Q2. Which of the following is NOT a common application of DFS?

Cycle detection
Topological sorting
Finding shortest paths in unweighted graphs
Finding connected components
Finding shortest paths in unweighted graphs is a BFS application, not DFS. DFS does not guarantee shortest paths because it may take a longer path to a node before discovering a shorter one. DFS is used for cycle detection, topological sorting, finding connected/strongly connected components, and backtracking problems.

Q3. Given the graph {0:[1,2], 1:[0,3,4], 2:[0,5,6], 3:[1], 4:[1], 5:[2], 6:[2]}, what is a valid DFS traversal order starting from node 0 (visiting neighbors in listed order)?

0, 1, 3, 4, 2, 5, 6
0, 1, 2, 3, 4, 5, 6
0, 2, 1, 3, 4, 5, 6
0, 3, 1, 4, 2, 6, 5
Starting at 0, DFS visits neighbor 1 first, then goes deep: from 1 visits 3 (a leaf, backtracks), then 4 (a leaf, backtracks to 0), then 2, then 5 (leaf), then 6 (leaf). This gives: 0, 1, 3, 4, 2, 5, 6. Option (b) is the BFS order, not DFS.

Q4. What is the worst-case space complexity of recursive DFS on a graph with V vertices?

O(1)
O(log V)
O(E)
O(V)
In the worst case (e.g., a graph shaped like a long chain: 0-1-2-...-V), the recursive DFS call stack grows to depth V, consuming O(V) space. This is why iterative DFS with an explicit stack is sometimes preferred for very large graphs, as it avoids the system stack size limit.

Q5. How does DFS differ from BFS in terms of traversal order?

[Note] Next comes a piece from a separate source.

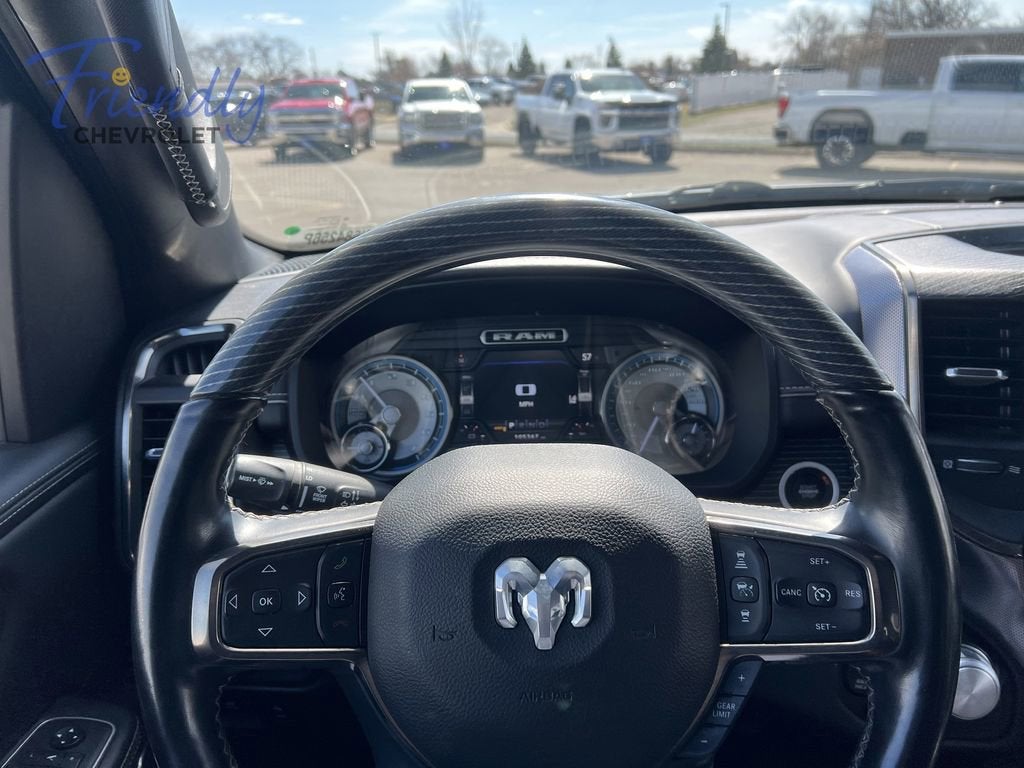 CarBravo Certified, Back-up Camera, Remote Start, Super Clean, 1500 Limited, HEMI 5.7L V8 Multi Displacement VVT, 4WD, 1-Yr SiriusXM Guardian Trial, 10 Speakers, 4-Wheel Disc Brakes, 48V Belt Starter Generator, 4G LTE Wi-Fi Hot Spot, ABS brakes, Adjustable pedals, Advanced Safety Group, Air Conditioning, Alloy wheels, AM/FM radio: SiriusXM with 360L, Apple CarPlay, Apple CarPlay/Android Auto, Audio memory, Auto High-beam Headlights, Auto-dimming door mirrors, Auto-dimming Rear-View mirror, Auto-leveling suspension, Automatic temperature control, Bed Utility Group, Bodyside moldings, Brake assist, Bumpers: chrome, Chrome Exterior Mirrors, Chrome Power-Fold Trailer Tow Mirrors, Compass, Delay-off headlights, Disassociated Touchscreen Display, Driver door bin, Driver vanity mirror, Dual front impact airbags, Dual front side impact airbags, Electronic Stability Control, Emergency communication system: SiriusXM Guardian, Exterior Mirrors Courtesy Lamps, Exterior Mirrors w/Heating Element, Exterior Mirrors w/Memory, Exterior Mirrors w/Supplemental Signals, For More Info, Call 800-643-2112, Front anti-roll bar, Front Bucket Seats, Front Center Armrest w/Storage, Front dual zone A/C, Front fog lights, Front License Plate Bracket, Front reading lights, Front wheel independent suspension, Fully automatic headlights, Garage door transmitter, Genuine wood console insert, Genuine wood dashboard insert, Genuine wood door panel insert, Google Android Auto, GPS Antenna Input, GPS Navigation, HD Radio, Heated door mirrors, Heated front seats, Heated rear seats, Heated steering wheel, Illuminated entry, Integrated Center Stack Radio, Integrated Voice Command w/Bluetooth®, Leather steering wheel, Low tire pressure warning, Manufacturer's Statement of Origin, Memory seat, Mirror Clearance/Running Lights, Mirror-Mounted Aux Reverse Lamps, Multi-Function Tailgate, Navigation System, Occupant sensing airbag, Outside temperature display, Overhead airbag, Overhead console, Panic alarm, ParkView Rear Back-Up Camera, Passenger door bin, Passenger vanity mirror, Pedal memory, Power door mirrors, Power driver seat, Power passenger seat, Power steering, Power windows, Power-Folding Mirrors, Premium Leather Trimmed Bucket Seats, Protection Group, Quick Order Package 27M Limited, Radio data system, Radio: Uconnect 12 w/Navigation, Rain sensing wipers, Rear anti-roll bar, Rear seat center armrest, Rear step bumper, Rear window defroster, Remote keyless entry, Security system, SiriusXM Radio Service, SiriusXM Satellite Radio, SiriusXM Traffic Plus, SiriusXM Travel Link, Speed control, Split folding rear seat, Steering wheel mounted audio controls, Surround View Camera System, Tachometer, Telescoping steering wheel, Tilt steering wheel, Traction control, Trailer Brake Control, Trailer Light Check, Trailer Tire Pressure Monitoring System, Trailer Tow Group (DISC), Trailer Tow Mirrors, Trip computer, Turn signal indicator mirrors, USB Host Flip, Variably intermittent wipers, Ventilated front seats, Voltmeter, Wheels: 20 x 9 Polished w/Inserts, 1500 Limited, HEMI 5.7L V8 Multi Displacement VVT, 4WD.

DFS visits nodes level by level, BFS goes deep first
DFS explores as deep as possible before backtracking, BFS visits all neighbors at the current depth first
DFS always finds the shortest path, BFS does not
DFS has better time complexity than BFS
DFS explores one branch as deeply as possible before backtracking to try the next branch, using a stack (LIFO). BFS visits all neighbors of the current node before moving to the next depth level, using a queue (FIFO). Both have the same O(V+E) time complexity, but BFS (not DFS) guarantees shortest paths in unweighted graphs.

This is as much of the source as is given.